Everyone doesn't have to like this photo essay. I just do. I actually think these are some of the least staged photos I have ever seen. They are all (and I have looked at Mearns project site) a very simple portrait of each person...there is not much else in these photos..sometimes their dog, a few personal belongings. I would think Man Ray photographs would be considered staged, dog wearing running shoes etc....even the works of Diane Arbus look more staged than these simple photographs. But G and Truman, you are certainly entitled to your opinion on this, that's what makes this an interesting discussion ..I just don't agree with you this time round. ;-) Hell, how boring it would be if we all had to agree on what touches us in life.
I certainly agree, Truman, that artists can exploit their subjects...but it seems the subjects of these portraits appear quite willing to participate...and Mearns, in my opinion, uses her camera with great respect and sensitivity.

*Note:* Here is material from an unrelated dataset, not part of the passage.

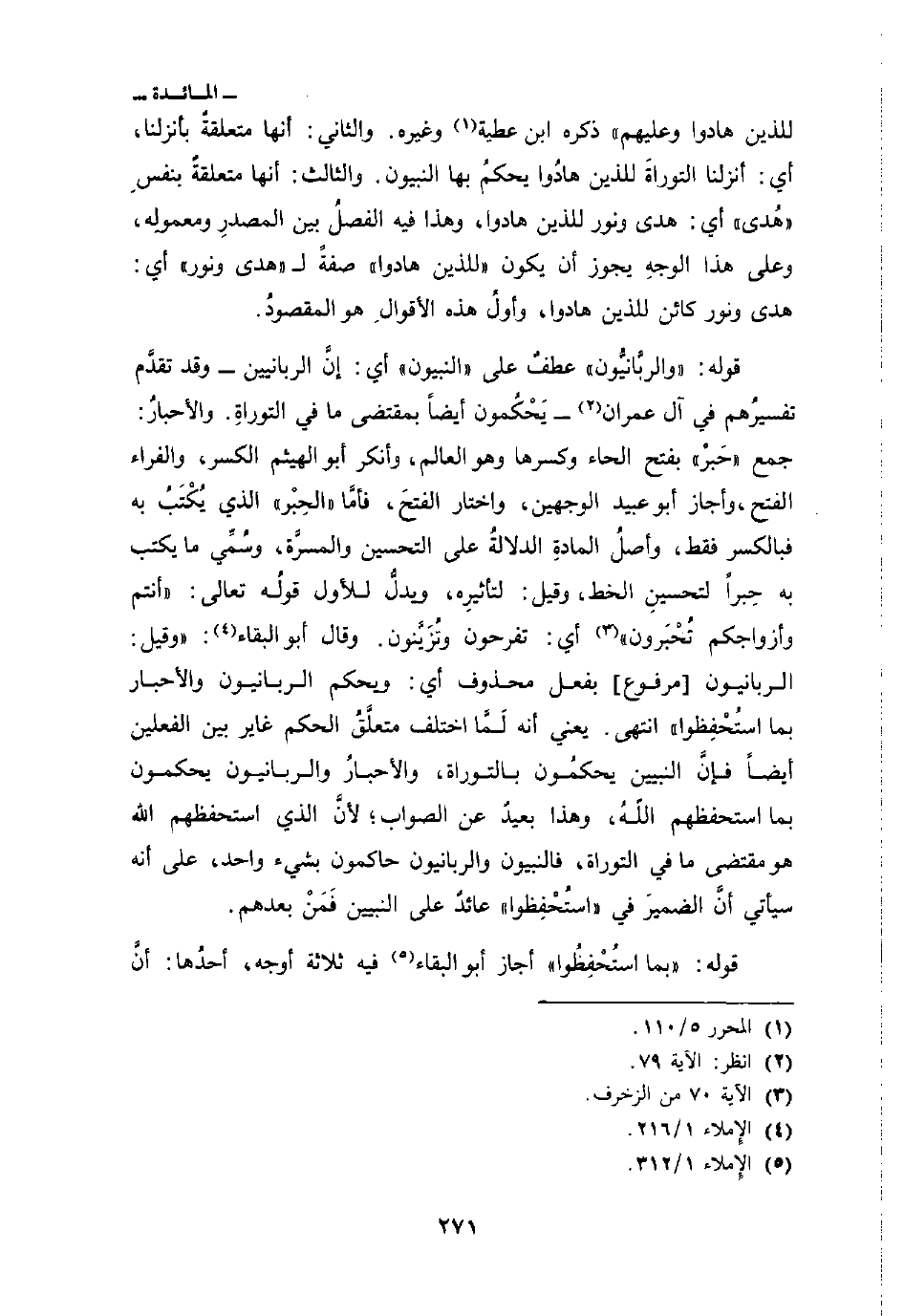 قوله: {والربانيون} عطفٌ على «النبيون» أي: إنَّ الربانيين - وقد تقدَّم تفسيرُهم في آل عمران - يَحْكُمون أيضاً بمقتضى ما في التوراةِ. والأحبارُ: جمع «حَبرْ» بفتح الحاء وكسرها وهو العالم، وأنكر أبو الهيثم الكسر، والفراء والفتح، وأجاز أبو عبيد الوجهين، واختار الفتحَ، فأمَّا «الحِبْر» الذي يُكْتَبُ به فالبكسر فقط، وأصلُ المادةِ الدلالةُ على التحسين والمسرَّة، وسُمِّي ما يكتب به حِبراً لتحسينِ الخط، وقيل: لتأثيره، ويدلُّ للأول قولُه تعالى: {أَنتُمْ وَأَزْوَاجُكُمْ تُحْبَرُونَ} [الزخرف: 70] أي: تفرحون وتُزَيَّنون وقال أبو البقاء: «وقيل الربانيون [مرفوع] بفعل محذوف أي: ويحكم الربانيون والأحبار بما استُحْفِظوا» انتهى. يعني أنه لَمَّا اختلف متعلَّقٌ الحكم غاير بين الفعلين أيضاً فإنَّ النبيين يحكمُون بالتوارة، والأحبارُ والربانيون يحكمون بما ساتحفظهم اللهُ، وهذا بعيدٌ عن الصواب؛ لأنَّ الذي استحفظهم الله هو مقتضى ما في التوراة، فالنبيون والربانيون حاكمون بشي واحد، على أنه سيأتي أنَّ الضميرَ في «استُحْفِظوا» عائدٌ على النبيين فَمَنْ بعدهم.
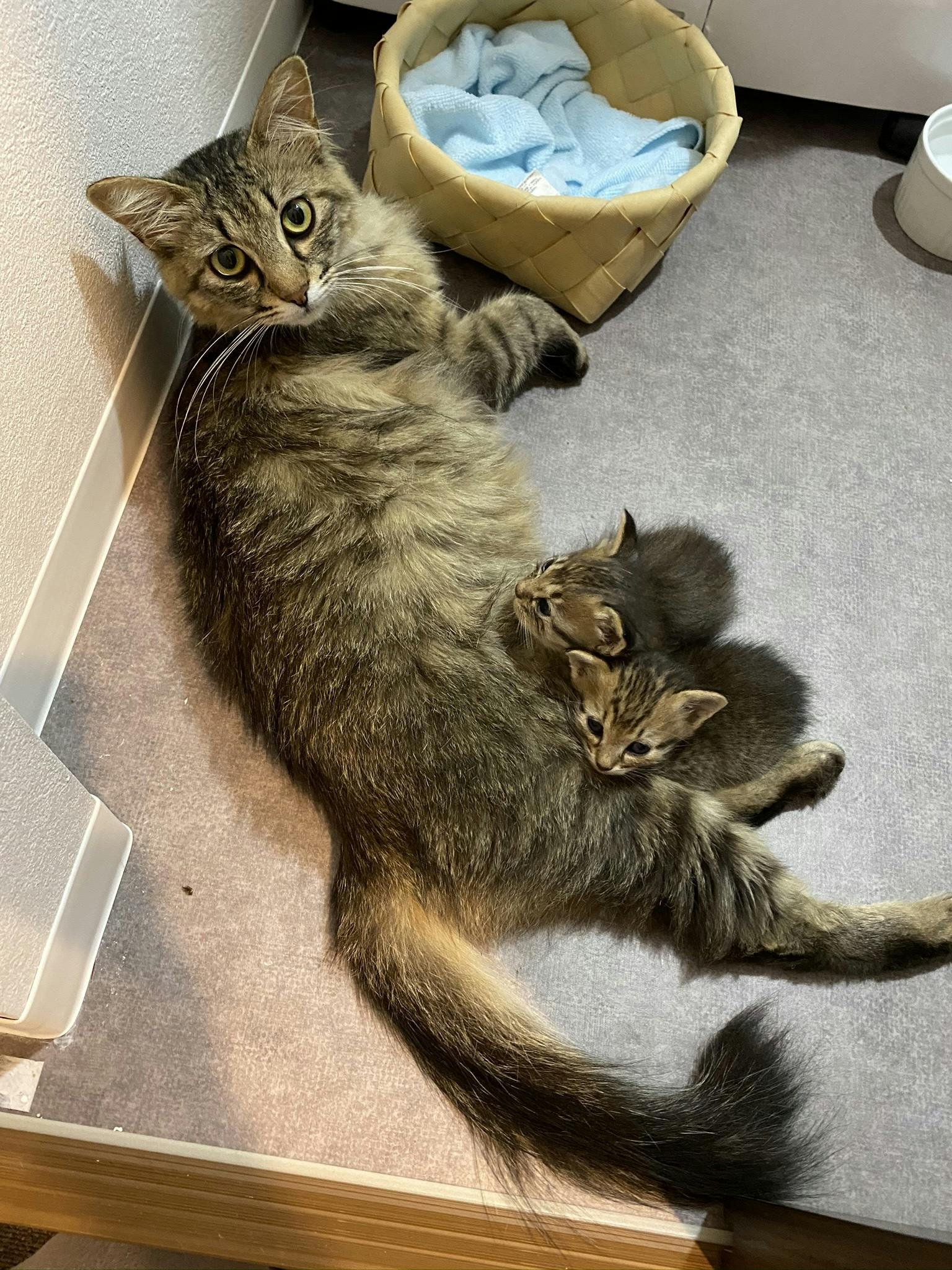 成猫は収容されるとすぐ殺処分対象らしいのですが子供がいるので保留されていたそうです。

Why does every study, and every sub-text of every study of the lives of street people have to be about us self-righteously "saving" them...that old missionary zeal kickin' in to make them "better" people...
Why can't they just have the simple pleasure of a photograph taken like the rest of us that says "Hi, it's me, just as I am... right over here....here's a bit of my story. Can you see me?"
That's what I think Mearns accomplishes.
G West
4 years ago
Lynn
That's a valid point. And, as I said earlier, or I think I did - without that phrase in the quotation marks right up at the top of this Mearns' gallery - raise awareness of a sometimes invisible community of people living in our midst I'd be entirely with you Lynn.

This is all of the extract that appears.